First, relatives and friends of the hostages have been increasingly vocal in demanding a rapid resolution of the problem. In their quest to resolve it, they have staged nation-wide demonstrations on a regular basis, some in front of Netanyahu’s residence.

According to a poll conducted by Channel 12 last week, two-thirds of Israelis believe that the return of the hostages is more important than continuing the war. While 67 percent of respondents said that returning the hostages was of the utmost importance, 26 percent prioritized the continuation of the war. Seven percent had no opinion.

Second, comments by Daniel Hagari, the spokesman of the Israel Defense Forces, exposed what appears to be a growing rift between Netanyahu and military commanders over his management of the war.

Last month, Hagari stunned Israelis when he said, “The idea that it is possible to destroy Hamas, to make Hamas vanish — that is throwing sand in the eyes of the public. Hamas is an idea … It is rooted in the hearts of the people — whoever thinks we can eliminate Hamas is wrong.”
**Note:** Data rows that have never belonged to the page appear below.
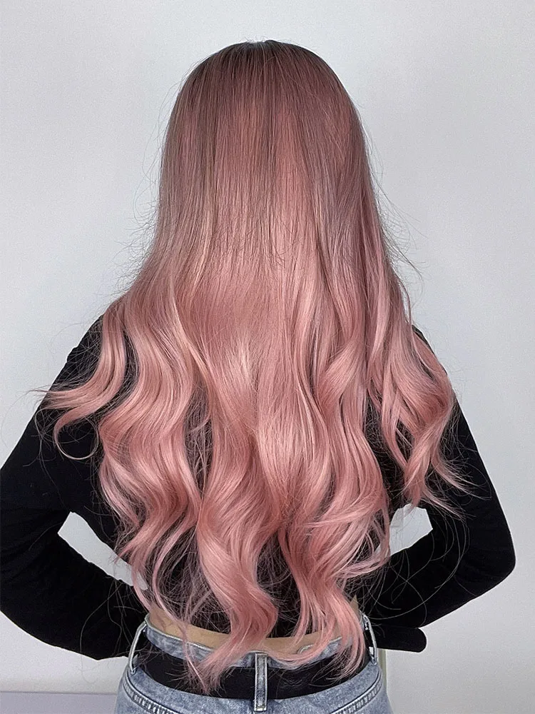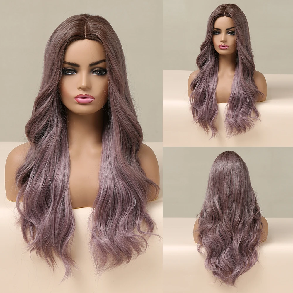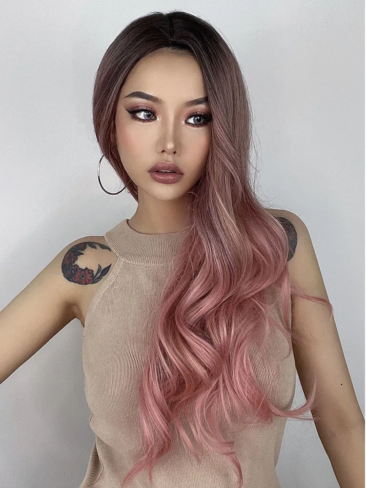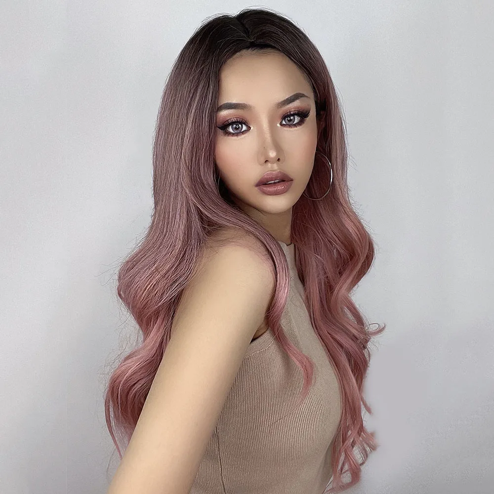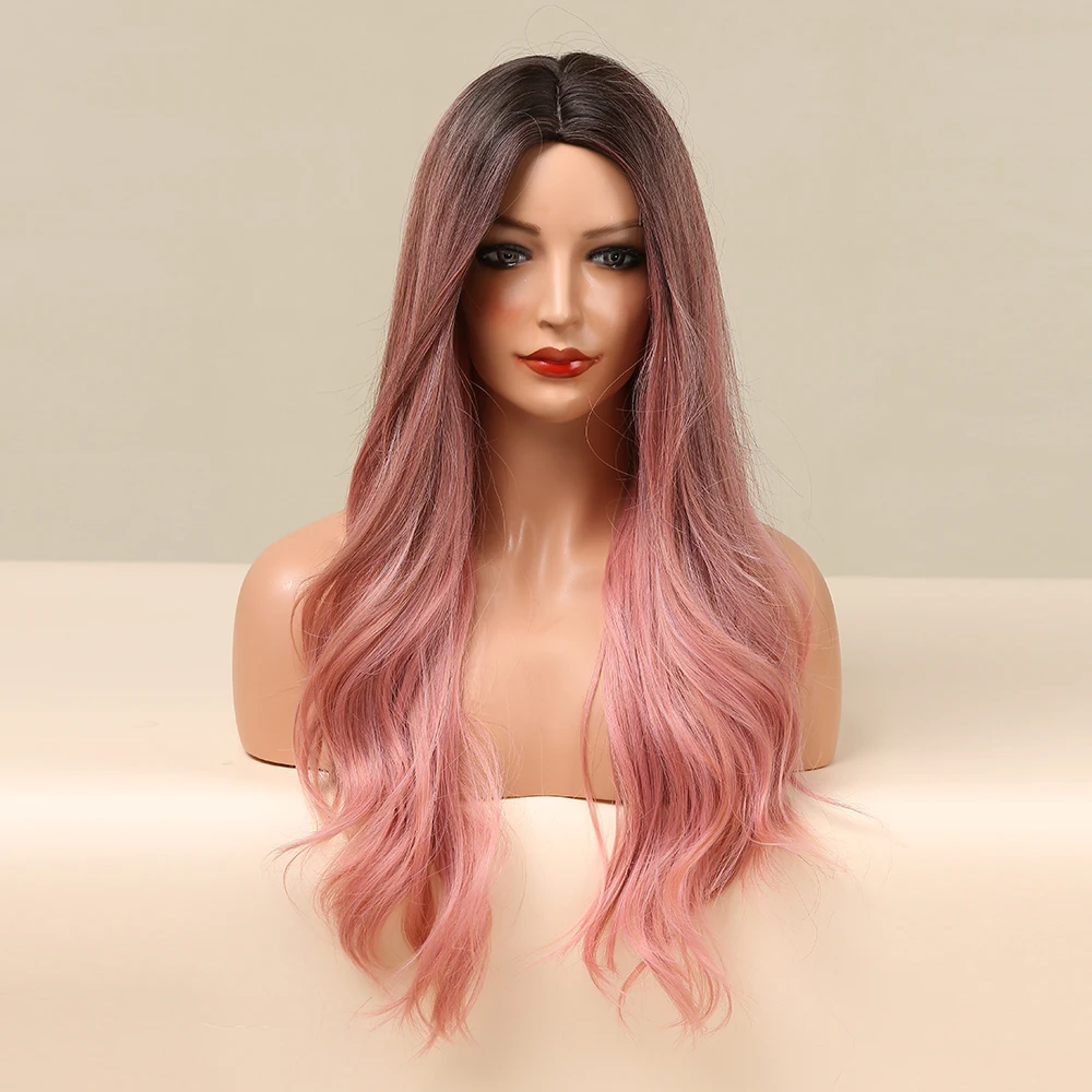 Длинные волнистые синтетические парики henmargu, черные и розовые парики с эффектом омбре для женщин, косплей, натуральные волосы средней длины, парик из термостойкого волокна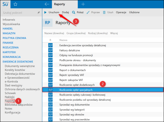 1. Przejść do modułu Rap​orty, odnaleźć i Uruchomić raport Rozliczenie opłat specjalnych.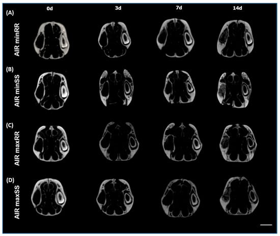 Micro-computed tomography (μCT) analysis of bone healing process kinetics in AIRminRR, AIRminSS and AIRmaxRR, AIRmaxSS (A–D). Samples from 8-week-old male or female mice were scanned with the μCT system (Skyscan 1174; Skyscan, Kontich, Belgium): evaluated at 0, 3, 7, and 14 days post-tooth extraction to evaluate the kinetics of the bone healing process. Images were reconstructed using the NRecon V1.6.9.8 software and three-dimensional images were obtained with the CT-Vox 2.3 software. The sectioned maxilla is represented at the coronal planes. The delimited area represents the bone healing process kinetics in mice.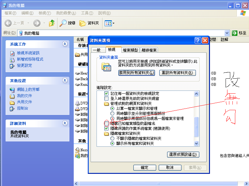 入資料夾選項再睇檢視,睇下圖取消隱藏副檔名。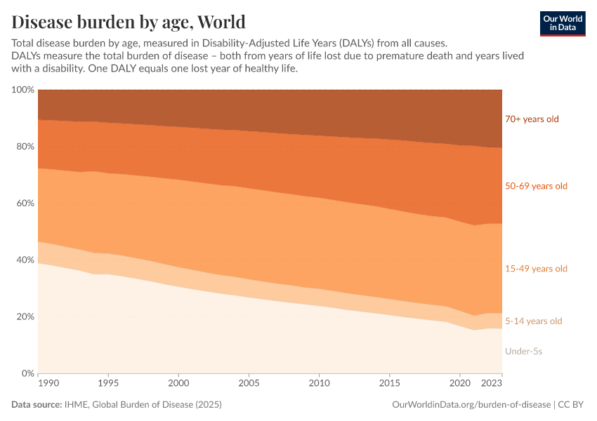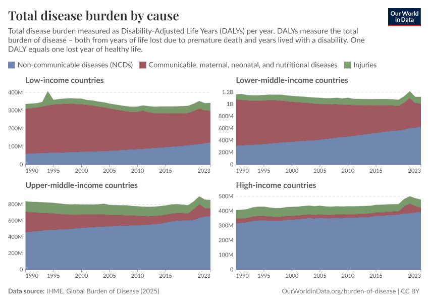 Max Roser, Hannah Ritchie, and Fiona Spooner (2021) - “Burden of Disease” Published online at OurWorldinData.org. Retrieved from: 'https://drop-density-mdim.owid.pages.dev/burden-of-disease' [Online Resource]BibTeX citation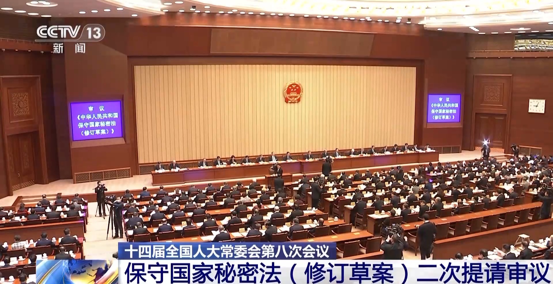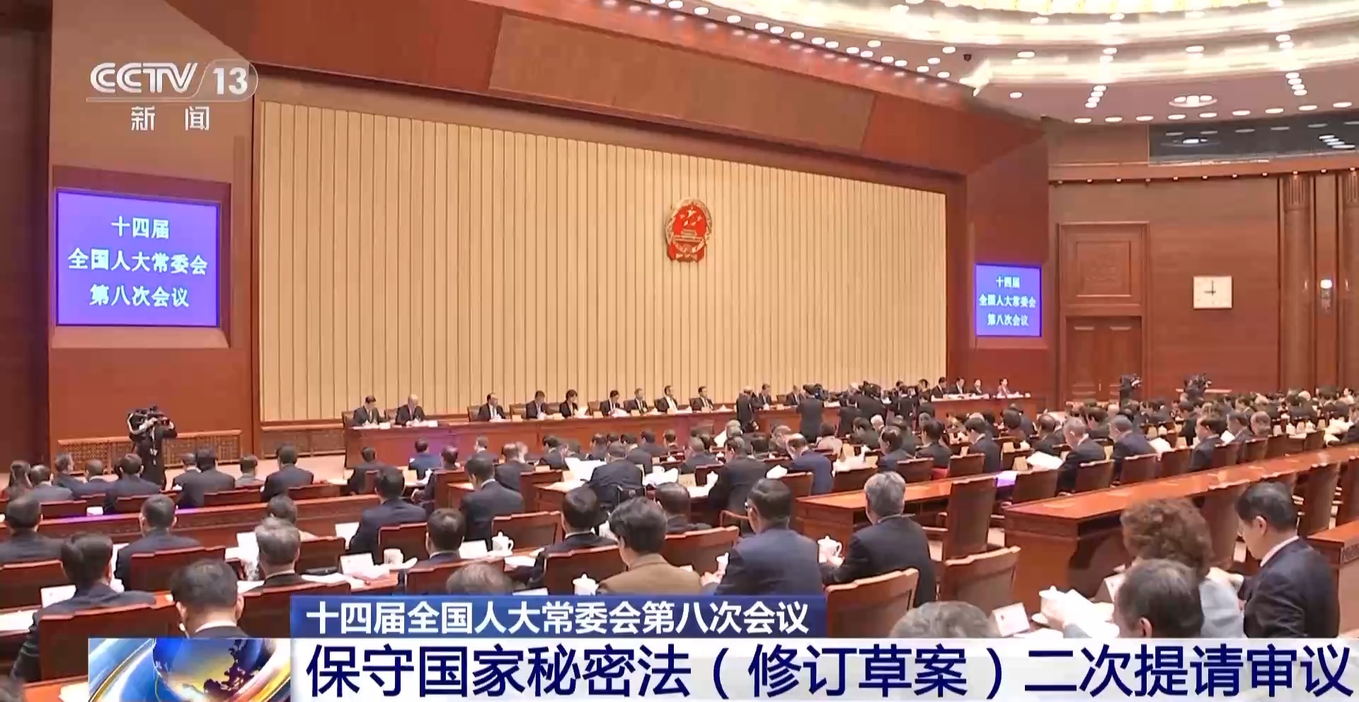据央视新闻消息,十四届全国人大常委会第八次会议今天(26日)上午在北京人民大会堂举行第一次全体会议。保守国家秘密法(修订草案)二审稿提请审议。草案二审稿完善确定保密事项范围的原则,进一步规范定密权限等内容。

Hagari warned that if the government fails to produce a “day-after” plan for Gaza, Hamas will remain in power. “The political leadership will decide. But in order to reach a situation in which we really weaken Hamas, that is the path.”

Responding to Hagari’s remarks, Netanyahu’s office released a statement asserting that the cabinet has “defined as one of the war goals the destruction of Hamas’ military and governance capabilities. The Israel Defense Forces is, of course, committed to this.”

Subsequently, the Israel Defense Forces issued a communique supportive of Netanyahu’s war aims.

However, Defense Minister Yoav Gallant, a member of Netanyahu’s Likud Party, concurs with Hagari. He has urged Netanyahu to devise a blueprint for postwar governance in Gaza, warning that Israel’s military gains could be nullified by the failure to produce a viable replacement for Hamas.

This contentious issue has been a thorn in Netanyahu’s side for months now. Benny Gantz recently resigned from the war cabinet after Netanyahu rejected his proposal for a “day-after” plan in Gaza.

According to a New York Times piece published on July 2, Israeli commanders think that a truce would be the best way of freeing the hostages, even at the expense of leaving Hamas in charge of Gaza. The Israeli army, though, would be free to resume its air, land and sea campaign against Hamas at a later date.

The commanders believe that Netanyahu’s refusal to articulate or commit to a postwar plan has created a vacuum that has enabled Hamas to regroup, compelling Israel to return to areas already supposedly cleared.

In recent weeks, Israel has sent forces into northern, central and southern Gaza to confront Hamas and allies like Palestinian Islamic Jihad. Of late, fighting has been intense in and around Gaza City, particularly in the Shejaiya neighborhood.

Combat continues in Rafah, Khan Younis and along the Netzarim Corridor, which is south of Gaza City and designed to allow Israel to carry out raids in northern and central Gaza.

Previously, in another major clearing operation, Israeli troops fought in the Jebaliya refugee camp.

The Institute for the Study of War, an organization based in the United States, has followed developments closely and has produced snapshots of the current battles unfolding in Gaza.

On July 7, Hamas spokesman Abu Obeida claimed that Hamas has regrouped and recruited thousands of new fighters, the institute reports. Obeida further claims that Hamas has “rehabilitated and restored important capabilities, including weapons production facilities as part of a larger effort to reconstitute its forces. Hamas has exploited Israel Defense Forces’ withdrawals in much of Gaza to rebuild the combat power of degraded Hamas battalions, integrate new forces, and prepare them for further combat activities.”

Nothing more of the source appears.